Anthropic's Latest Winner - Workbench

Sam Witteveen·
4 min read

Based on Sam Witteveen's video on YouTube. If you like this content, support the original creators by watching, liking and subscribing to their content.

TL;DR

Anthropic’s Workbench update turns prompt creation into a full workflow that includes prompt testing, batch test generation, and benchmarking.

Briefing

Anthropic has overhauled its developer “Workbench” inside the Anthropic console, turning prompt building into a full testing and benchmarking workflow. Instead of treating prompts as static text, developers can now generate prompts from scratch, run them against targeted test cases, and assemble a versioned evaluation suite to measure how well different prompt designs handle context and produce reliable outputs—then export code for use in production.

The core shift is the addition of prompt generation plus prompt testing in one place. A developer can describe a task in plain language—such as drafting a response to a YouTube comment that classifies whether the comment is toxic and whether it deserves a reply—and then click “generate prompt.” Claude produces a detailed, ready-to-run prompt that includes a system-style instruction block, the input comment, and step-by-step decision criteria. In this example, the generated instructions explicitly guide toxicity detection (offensive language, personal attacks, hate speech, threats, harassment, excessive negativity, trolling) and then determine whether a reply is warranted.

From there, Workbench moves into evaluation mode. The console prompts the user to supply the specific YouTube comment, runs the prompt, and returns a classification result along with reasoning and a final label (e.g., not toxic, moderate toxicity). Developers can generate multiple test cases automatically, run them, and then refine the prompt based on observed weaknesses. The workflow supports editing the prompt directly and re-running evaluations to see how changes affect outcomes.

A key feature is versioning. Workbench tracks prompt versions and response versions, enabling side-by-side comparisons—such as a second attempt where the developer slightly rearranges instructions (for example, moving content between user and system sections).
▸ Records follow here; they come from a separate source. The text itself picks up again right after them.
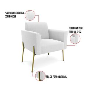 A Poltrona Marisa é a escolha perfeita para quem deseja unir conforto e comodidade em um estilo elegante. Com um design único, ela possui Pés de Ferro Lateral Dourado que harmoniza com o seu belíssimo tom Off White, criando uma combinação elegante de conforto e estilo. Ela é perfeita para quem busca móveis que não só sejam bonitos, mas que também proporcionem bem-estar. Ideal para compor salas de estar, recepções, bibliotecas, salas de leitura, espaços de design e até áreas comerciais, essa peça versátil é pensada para ambientes que excluam beleza e aconchego. Sua estrutura, em madeira de reflorestamento de eucalipto, oferece resistência e sustentabilidade, suportando até 120 kg, garantindo segurança para usuários de diferentes biotipos. O conforto é outro destaque, com estofado em espuma prorelax D-23, que proporciona suporte e maciez ideais. Revestida em Bouclê, um tecido maleável e sofisticado, a Poltrona Marisa segue a tendência do momento com um toque suave e quente, remetendo à textura natural da lã. Leve e fácil de transportar, a Poltrona Marisa é um item que agrega charme e durabilidade ao seu espaço. Não perca a oportunidade de adquirir essa peça exclusiva que fará toda a diferença na sua decoração e no seu bem-estar. Aproveite agora!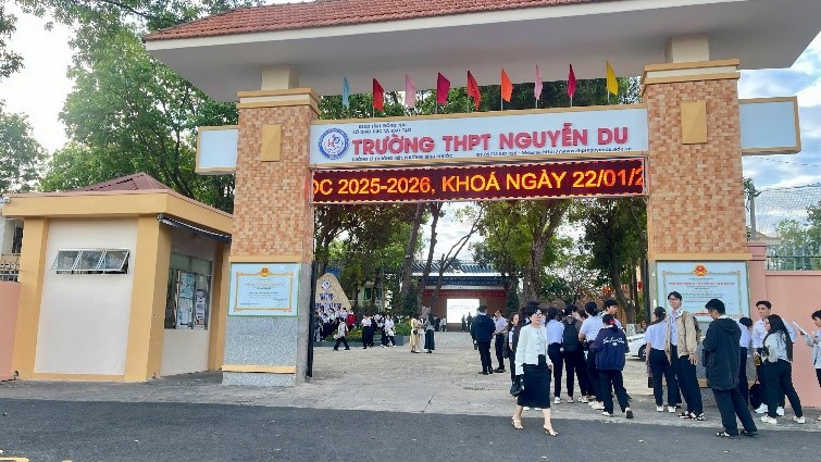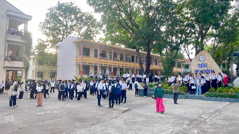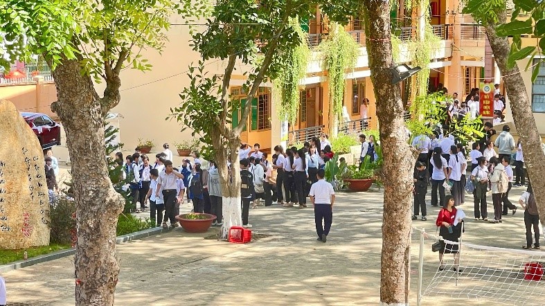 Điểm thi tại Trường THPT Nguyễn Du được bảo đảm thông thoáng, an toàn.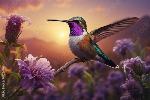© alexx_60, Fototapeta premium Hummingbird on Top of a Purple Flower: Bright and Colorful Image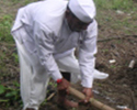August/September 2008: In Bamhani the Work Camp members worked alongside the young men from the Technical School to line the inlet and outlet gulley on the Watershed Project. |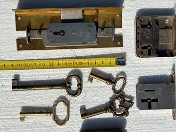 Disponibilità di circa 800 serrature di varie misure per cassetti e armadi, chiavi in ottone di vari stili e misure e mascherine in ottone Vendo in blocco valuto offerte sensate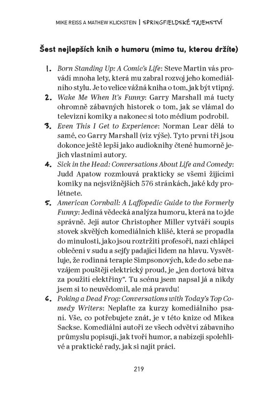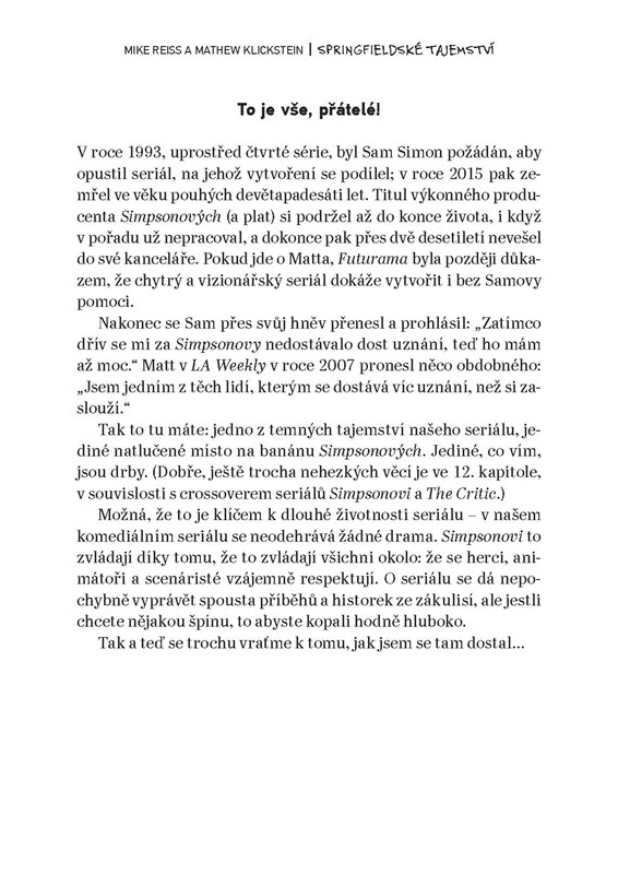 Profesionální vtipálek se zároveň zamýšlí nad vlastním životem se Simpsonovými a zdůrazňuje své úspěchy i neúspěchy. Čtenářům prozradí, proč jsou všechny postavičky v seriálu žluté, jaké to je trávit šedesát hodin týdně v místnosti plné humoristů nebo na co přišel při cestě po 70 zemích světa, kde Simpsonovy vysílají (v některých přitom ani nefunguje elektřina!).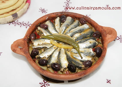 Verser la cuillère à soupe de chermoula puis déposer les poivrons grillés, les sardines, les olives violettes, le citron confit et le petit poivron fort. Couvrir le tajine et laisser cuire pendant 20 minutes. http://cuisine.journaldesfemmes.com/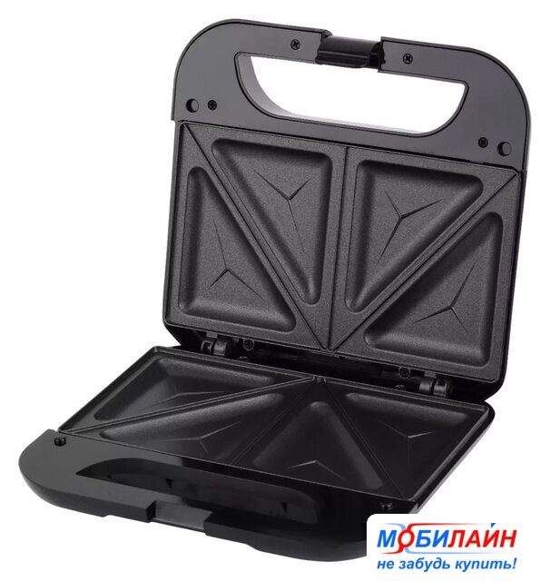 сэндвичница, 750 Вт, поверхность: форма для 2 ломтиков хлеба, черный
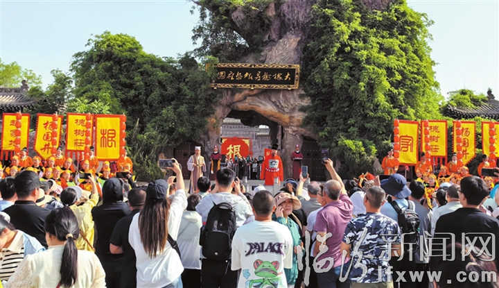 臨汾新聞網訊“五一”假期期間,洪洞大槐樹尋根祭祖園景區精心策劃了以“回家尋根”為主題的系列活動,通過創新傳統文化的呈現方式,為游客提供高品質的文化旅游體驗,讓游客在旅行中沉浸式感受“家文化”的獨特魅力。圖為5月4日,沉浸式演出《開門迎親》現場。

The console can then score results across versions, letting users label performance (e.g., “excellent” or “fair”) and quickly identify which prompt variant performs better.

Workbench also streamlines what used to be a spreadsheet-and-manual-process problem. Previously, teams often exported test cases and relied on human scoring methods like MOS (mean opinion scoring) to compare prompt quality. Now, the evaluation and scoring live in the same dashboard, with the ability to import test cases from CSV and to generate additional cases on demand.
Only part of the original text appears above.